We entered through the human made “village” a collection of stores and restaurants built like a picturesque European village.

We decided to go straight to buy our gondola tickets to ride up to high camp. The gondola, a square glass structure holds about 30 people. Mary and I  chose  seats at the front of the “car” where we would get a good view. 

The car rose steeply as we sat wide-eyed taking in the scenery. Things were going smoothly until we reached the first cable tower, thinking we were at the top. The gondola bumped and rocked. 

As one chorus, the occupants of the car gave noises of surprise while we laughed nervously.  At this point we could see just how much further we would be climbing. 
Behind us, the resort village grew smaller as our destination drew closer. 
Once we disembarked at High Camp, we were saw that the area was well named. We were at the top of a pile of boulders barely held together with tall pines and small shrubs that made up the mountain.
People quickly disbursed in all directions.  Those who had ridden with their bicycles put on their helmets and headed for the bike trail, a gut wrenching dusty ride back down the mountain. 
 Several people started walking to the paint ball area, others to the locker rooms to change into swim suits for the spa and pool and still others, like us, were tourists ready to walk around and enjoy the sights. 
Mike quickly went into a store to buy a bright yellow Squaw Valley disc and walked off in the direction of the disc golf course.
These discs have evolved a long way from the frisbees stacked in our game closet at home. They are smaller and where the lip is in the traditional frisbee, instead is a weighted rim, evidently weighted differently for various course conditions such as if there is more wind.
It was a warm day in the sun as we leaned against the railing of the ice skating rink and watched the skaters go round. Near the middle was a young couple, apparently very much in love as they joined hands and spun in circles holding each other and laughing. 
children slid into the railing or their parents’ legs, many out of control and under the spell of the ice.  Some skaters wore shorts while others were dressed for winter and though it was cool under the shade of the rink cover, the sun outside was warm shining through the thin air at 9,050 feet above sea level.  It baked our shoulders as we meandered around high camp watching the people and taking in the views. Activities at high camp were not designed just for the athletic. If you needed less moving, there was the pool or the hot tub, or you could be completely motionless and enjoy a massage at the spa. 

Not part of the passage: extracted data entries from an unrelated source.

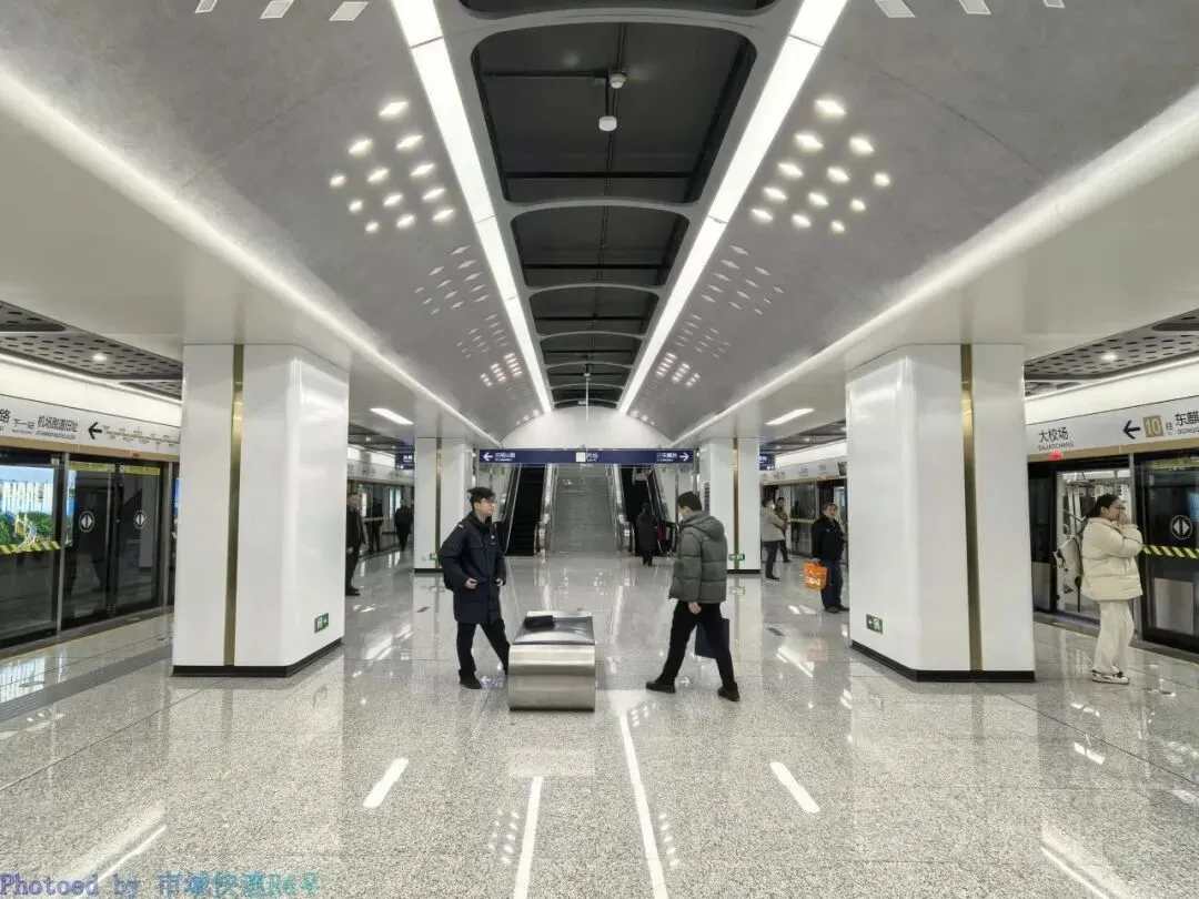大校场站,位于丁墙路国际路口东,地下三层岛式车站,该站是10号线小交路东端终点站,有一半列车在本站折返向西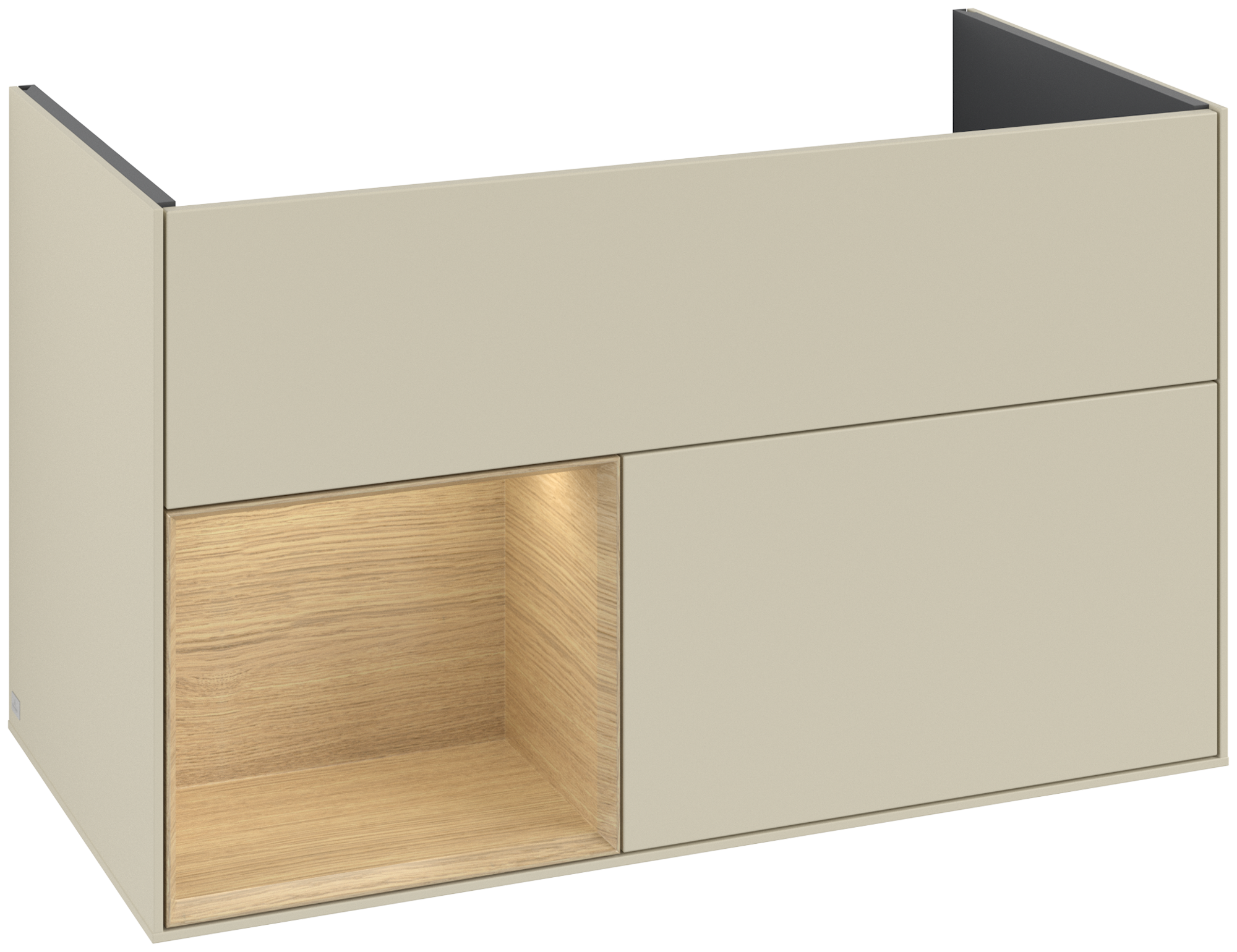 Finion Waschbeckenunterschrank, mit Beleuchtung, 2 Auszüge, 996x591x498mm, Korpus: Silk Grey Matt Lacquer, Front: Silk Grey Matt Lacquer, Regalelement: Oak Veneer
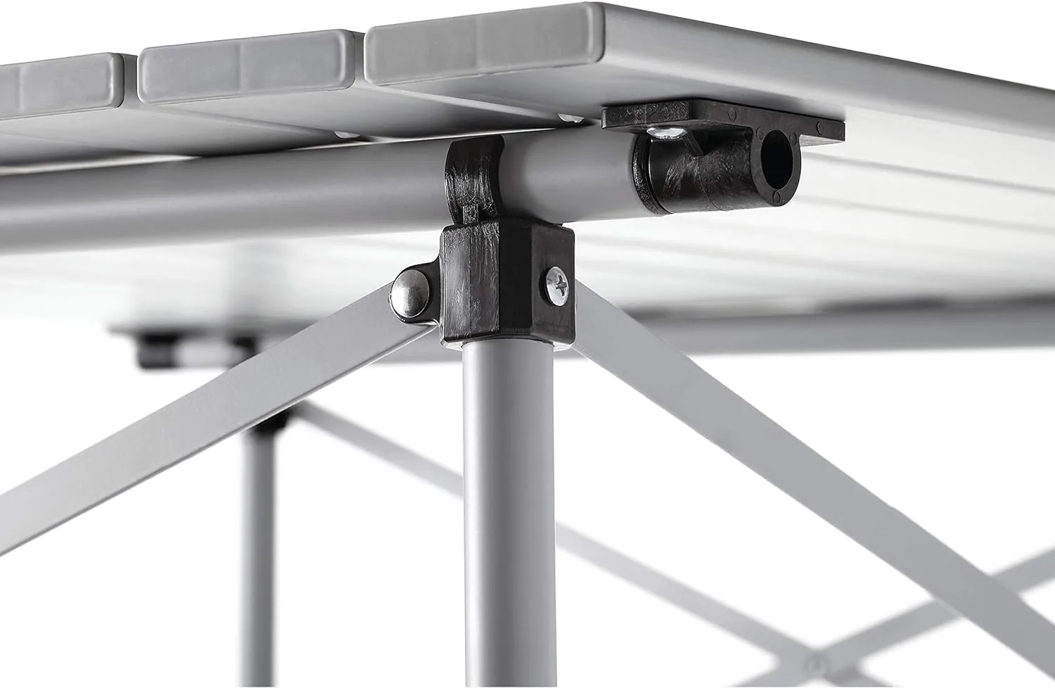 The snap-together design is intuitive. The steel frame unfolds in one step, and the aluminum slats snap in place for a secure surface in under 3 minutes.
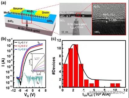 圖 1 (a)10nm柵長二硫化鉬晶體管的結構示意圖和TEM表征;(b)器件的轉移特性曲線;(c)器件的電流開關比分布統計圖。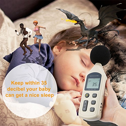 - Compact & Lightweight Design - This 10 inch length digital noise meter has novel design, compact size. Sound Noise Level Meter 30-130dB noise monitor decibel pressure calibrator detector logger for indoor / outdoor. Suitable for monitoring noise levels in factories, offices, theaters and audio systems

The air around the pools and the rest of high camp was filled with voices of tongues from around the globe, though most spoke English when needed since, unlike the rest of the world, few Americans, including our service workers, speak other languages fluently.
Far off over the hillside we could see hikers or bikers making their way back down to the valley floor.  My feet ached to see one man limp by after walking up the mountain path with his family.  He was now reduced to carrying his shoes while, in his stocking-feet he withstood each painful step toward the gondola for an easier trip back down.
Our feet felt fine, though Mary and I felt our stomachs lurch a few times while leaning over the rail, letting our imaginations run.

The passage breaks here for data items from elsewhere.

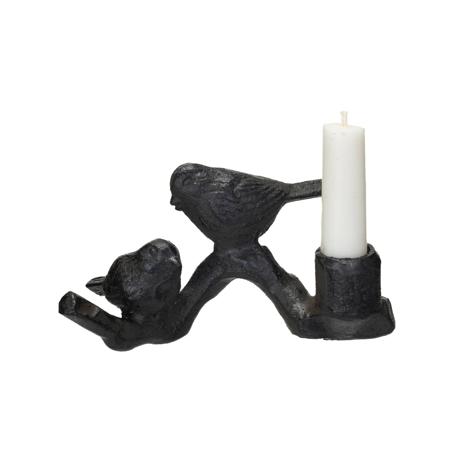 Catalog Name: 6-1/4"L x 2-1/2"W x 3-1/4"H Cast Iron Taper Holder w/ Birds on Branch, Black/Brown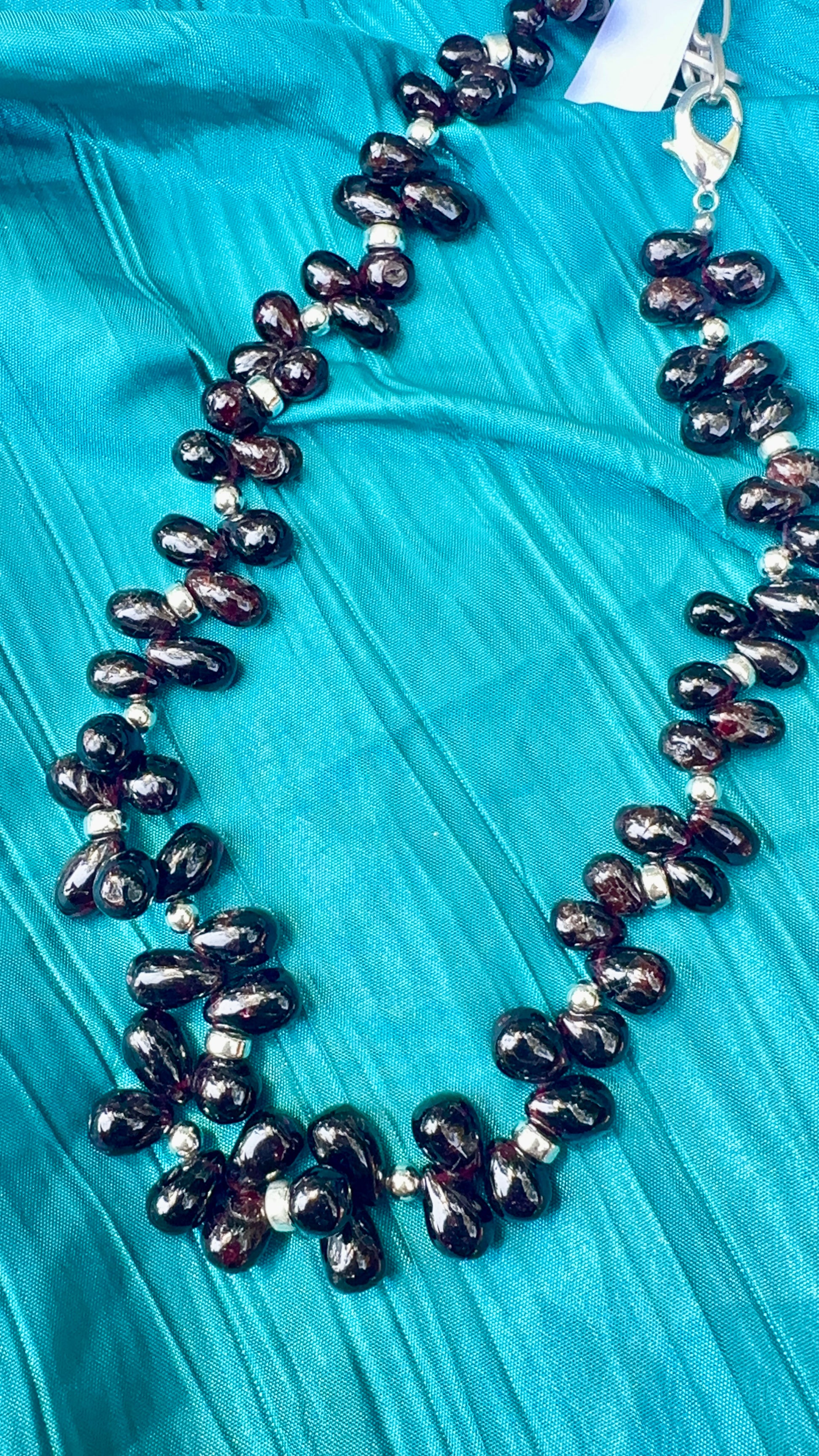 Handcrafted garnet sterling necklace, gemstone of passion and strength. Authentic artisan jewelry gift for anniversaries, weddings & holidays.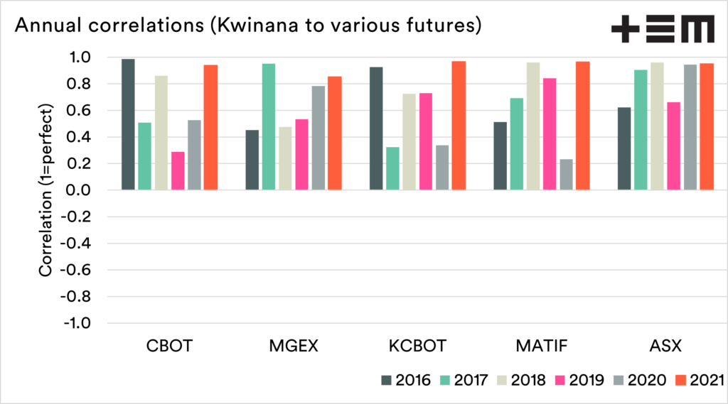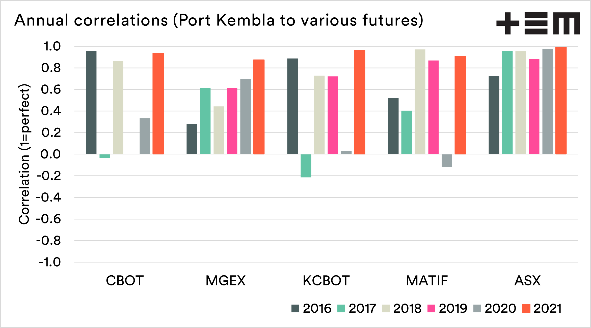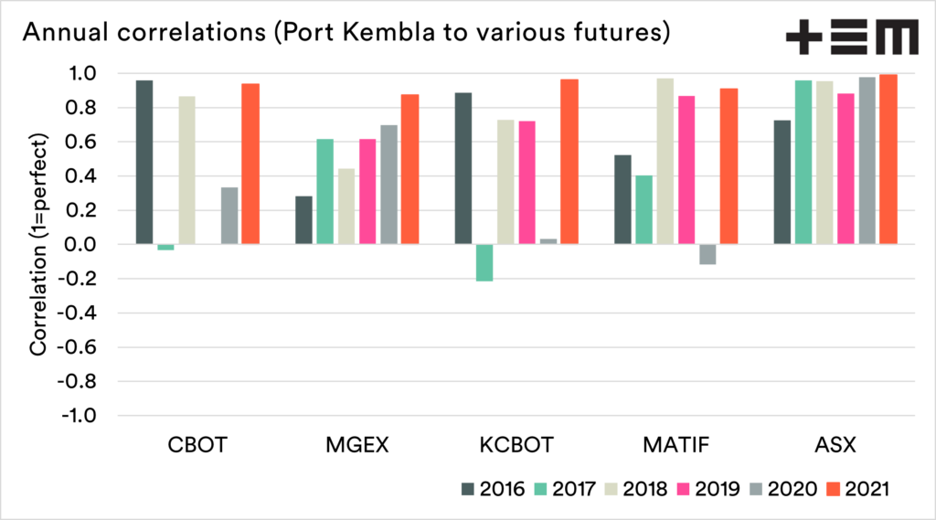 The charts below show the annual correlation between Kwinana and Port Kembla to various futures markets. A perfect correlation is 1. These are taken as a monthly price.

We enjoyed our day, had some fun and even leaned a bit of history.  The VII Winter Olympics, held in Squaw Valley, California, were the first Olympics to be televised and the first held in western United States.  While Squaw Valley is one of the largest ski resorts in the United States, it is only the second largest at lake Tahoe.  During these games, the American team beat the champion Russians at hockey, then went on to win the gold medal, beating Czechoslovakia after the Russian team captain urged the Americans to take a hit of oxygen to battle their exhaustion.  
We finished up the day with another gondola ride back to the valley floor then on to Tahoe City to enjoy a bite of pizza beside the Truckee River at the point where it leaves Lake Tahoe.